_TASK BRIEF_. Go through the records and transcribe them exactly, passing over any picture.

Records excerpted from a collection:
......
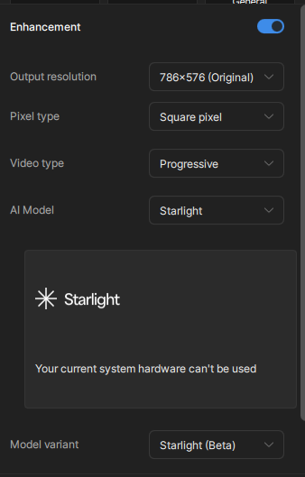 I second jo.vo; even with the SOFTEST input, the Starlight Sharp model’s output is too rough and it is TERRIBLE with small distant faces compared regular Starlight. Lots of unnecessary texture where it shouldn’t be. Same with Rhea XL…it’s just way too much even for the worst low-res VHS or internet videos. I’ve never found a use for either of them that yields anything but garbage output. In fact, I’ve taken to keeping Rhea at “0” because anything additional is overkill on that one too.
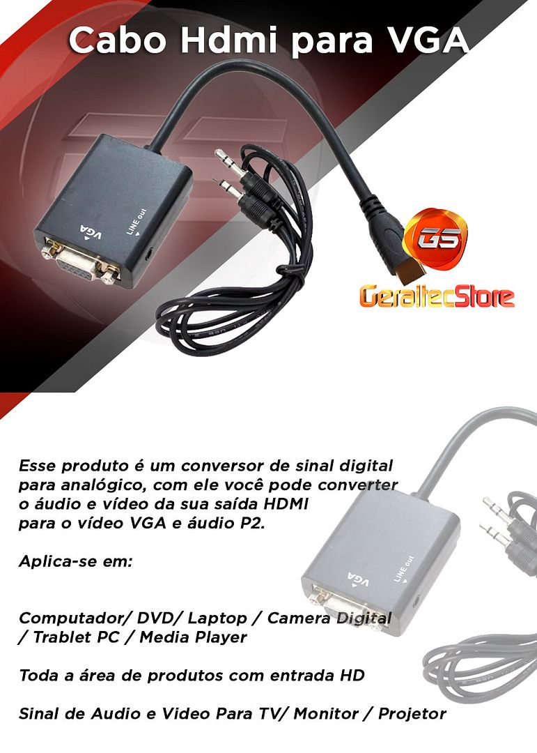 Mini conversor VGA p/ HDMI c/ entrada áudio P2 - MVH para ...
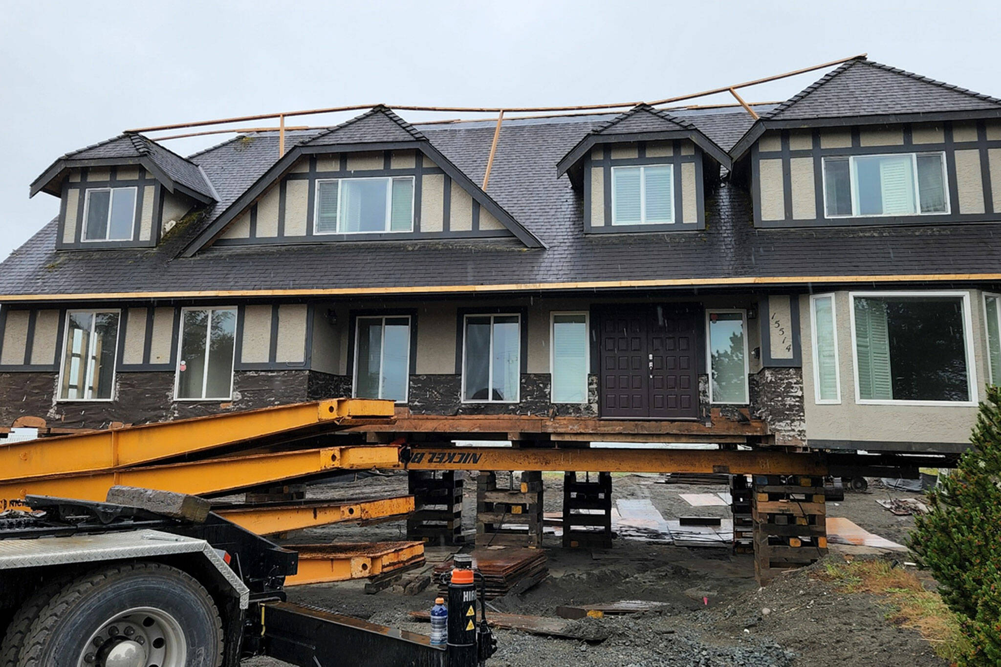 To make possible the move from British Columbia to Clallam County, crews lifted it off its foundation, placed it on a truck, brought it to a barge, shipped it to Dungeness and placed the house at its new home along the beach.
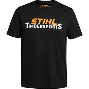 • wer sich zu STIHL TIMBERSPORTS® bekennen möchte, für den gibt es nun das perfekte T-Shirt in Schwarz mit Logo-Aufdruck in STIHL Orange und Weiß
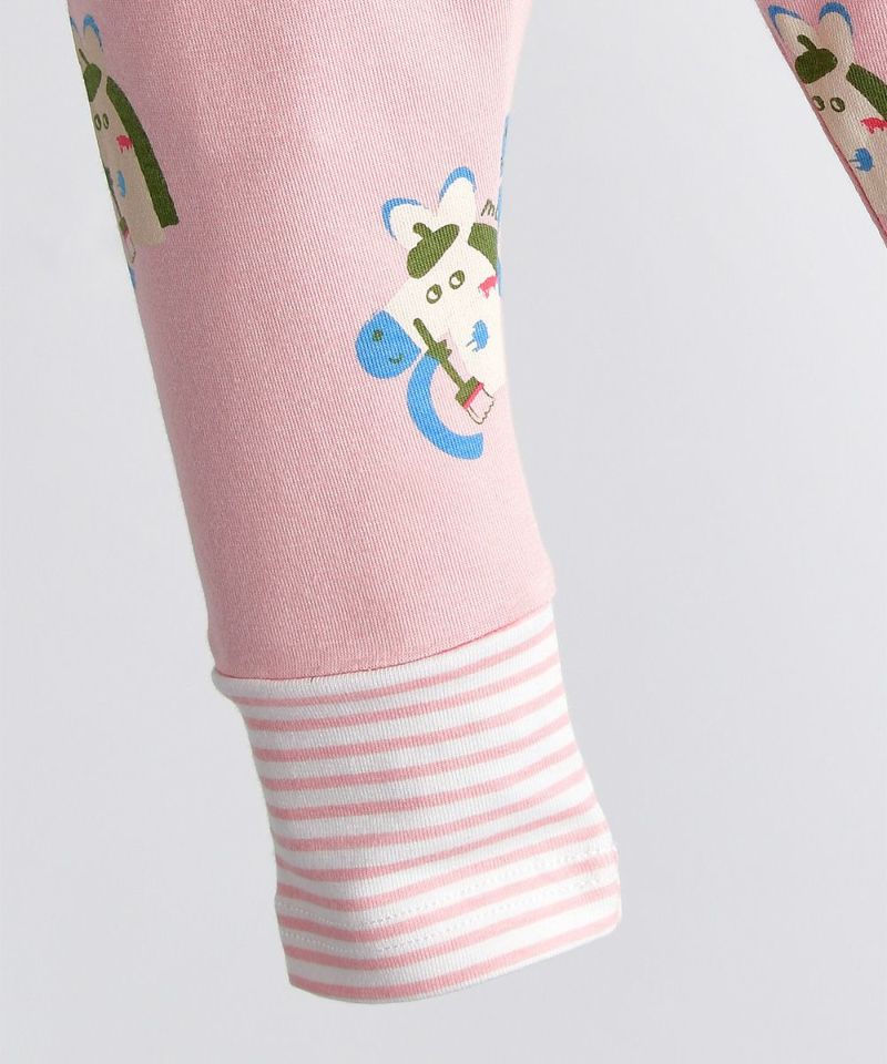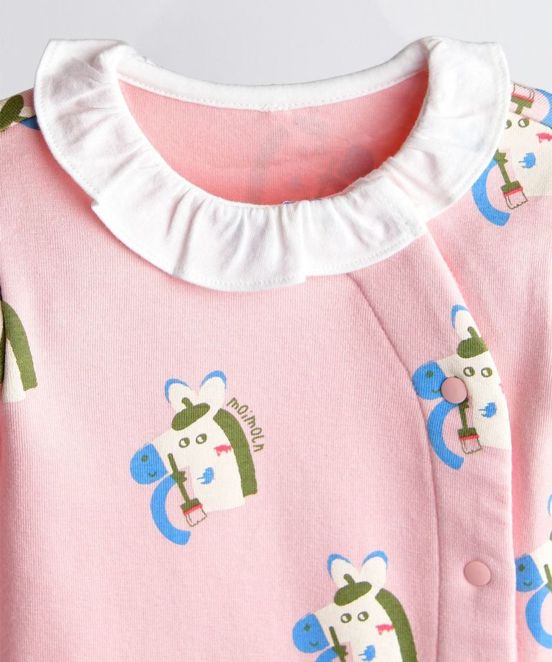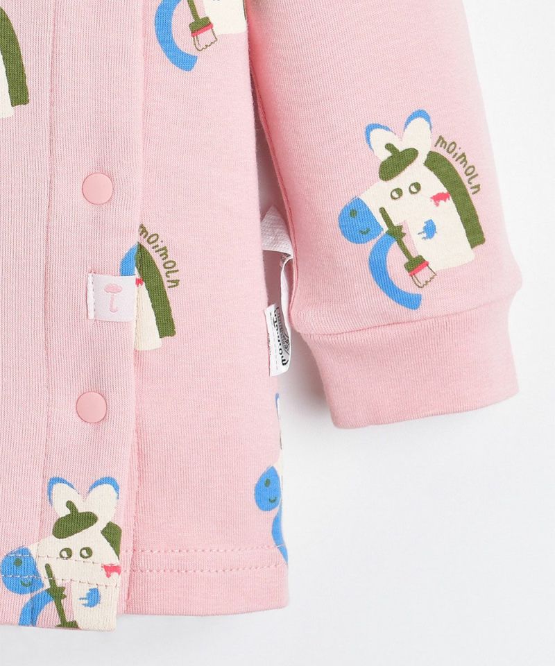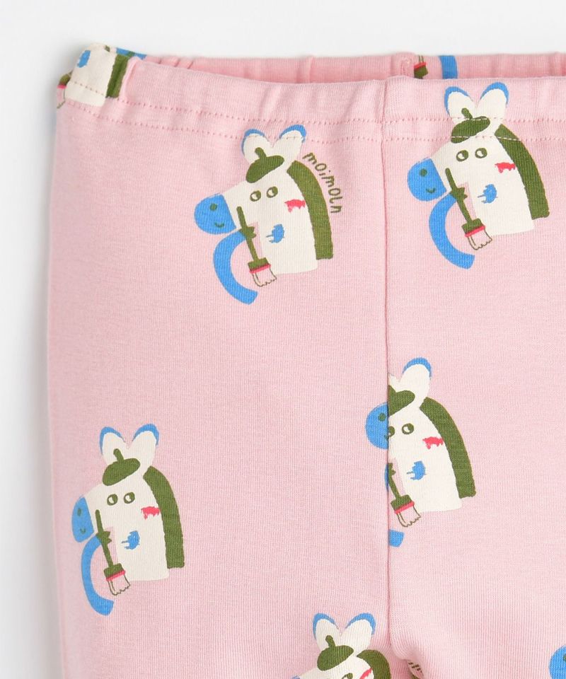 コットンモーダル素材を使い、やわらかいタッチ感が特徴で、ストレッチが入っていて動き安さ◎。かわいいポニーのプリントに白いフリルと足首のボーダーがポイントになります。
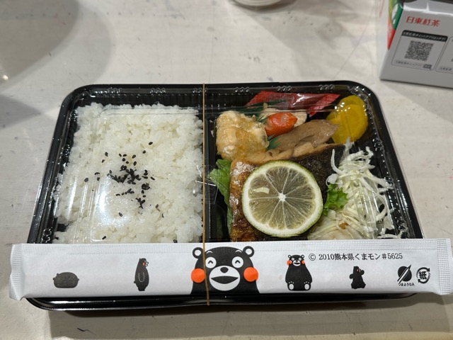 コロッケ、竜田揚げ、かき揚げ、ナスの天ぷらと揚げ物がたくさん入っているが、薄味であっさりしている。
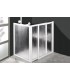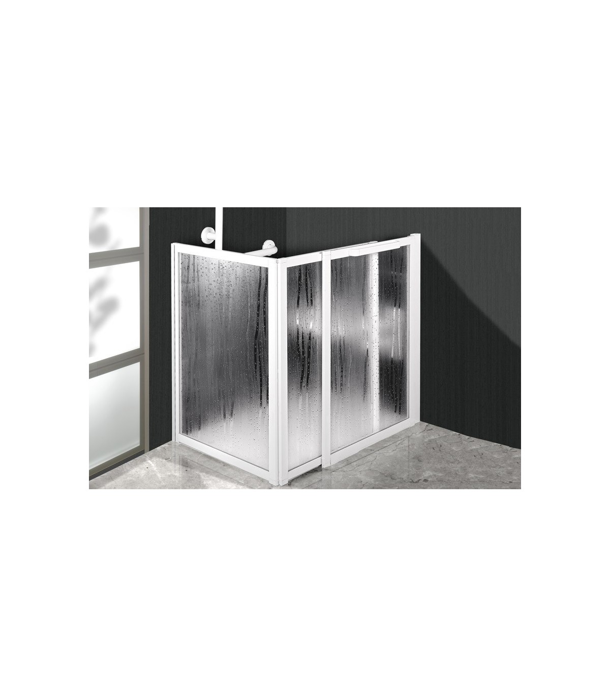 Mampara elevable de dos hojas correderas y una plegable que giran sobre el perfil de fijación a la pared modelo PrestoSan 5800 95800 (Montaje a izquierda) y PRESTOSAN 5801 ref. 95801 (Montaje a derecha).
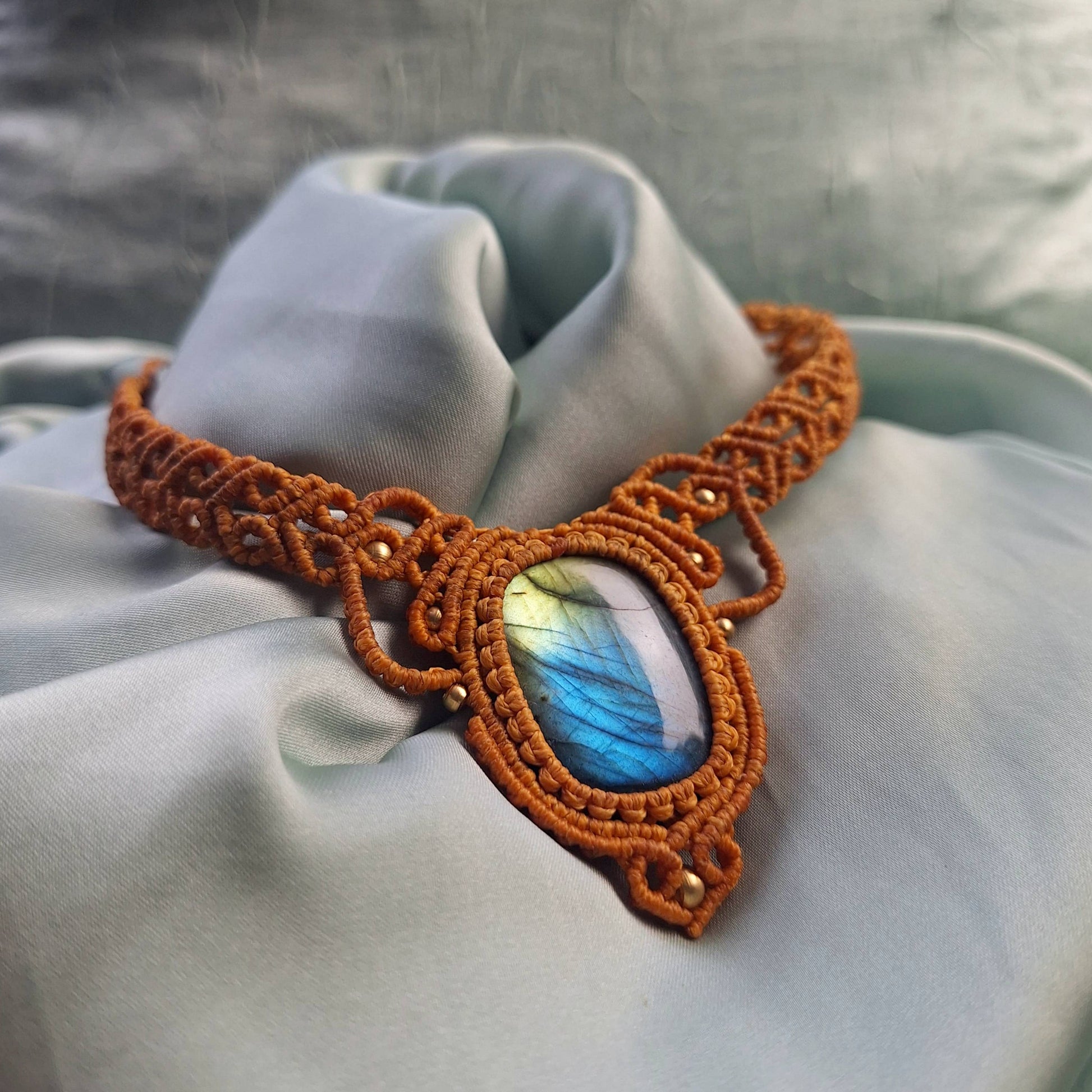 Makramee Kette mit Labradorit/ Boho Hippie Schmuck
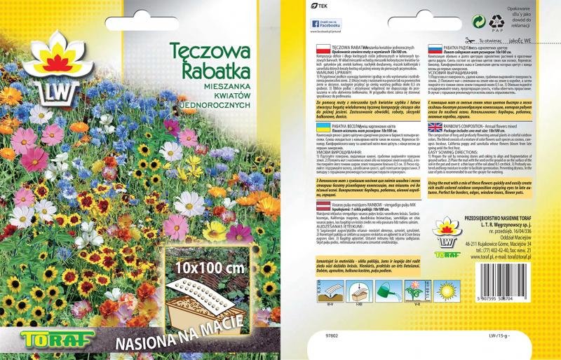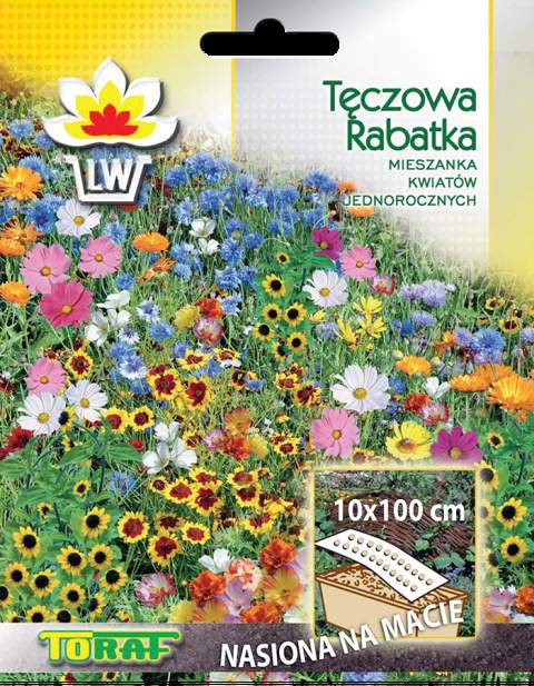 Kompozycja obficie i długo kwitnących roślin jednorocznych w kolorowych tęczowych barwach. W skład mieszanki wchodzą mieszanki kolorystyczne kwiatów takich gatunków jak: onetek karłowy, nachyłek dwubarwny, maczek kalifornijski i sanwitalia których kwiaty kwitną od późnej wiosny do pierwszych przymrozków.
......
_TASK ANSWER_.
 I second jo.vo; even with the SOFTEST input, the Starlight Sharp model’s output is too rough and it is TERRIBLE with small distant faces compared regular Starlight. Lots of unnecessary texture where it shouldn’t be. Same with Rhea XL…it’s just way too much even for the worst low-res VHS or internet videos. I’ve never found a use for either of them that yields anything but garbage output. In fact, I’ve taken to keeping Rhea at “0” because anything additional is overkill on that one too.
 Mini conversor VGA p/ HDMI c/ entrada áudio P2 - MVH para ...
 To make possible the move from British Columbia to Clallam County, crews lifted it off its foundation, placed it on a truck, brought it to a barge, shipped it to Dungeness and placed the house at its new home along the beach.
 • wer sich zu STIHL TIMBERSPORTS® bekennen möchte, für den gibt es nun das perfekte T-Shirt in Schwarz mit Logo-Aufdruck in STIHL Orange und Weiß
 コットンモーダル素材を使い、やわらかいタッチ感が特徴で、ストレッチが入っていて動き安さ◎。かわいいポニーのプリントに白いフリルと足首のボーダーがポイントになります。
 コロッケ、竜田揚げ、かき揚げ、ナスの天ぷらと揚げ物がたくさん入っているが、薄味であっさりしている。
 Mampara elevable de dos hojas correderas y una plegable que giran sobre el perfil de fijación a la pared modelo PrestoSan 5800 95800 (Montaje a izquierda) y PRESTOSAN 5801 ref. 95801 (Montaje a derecha).
 Makramee Kette mit Labradorit/ Boho Hippie Schmuck
 Kompozycja obficie i długo kwitnących roślin jednorocznych w kolorowych tęczowych barwach. W skład mieszanki wchodzą mieszanki kolorystyczne kwiatów takich gatunków jak: onetek karłowy, nachyłek dwubarwny, maczek kalifornijski i sanwitalia których kwiaty kwitną od późnej wiosny do pierwszych przymrozków.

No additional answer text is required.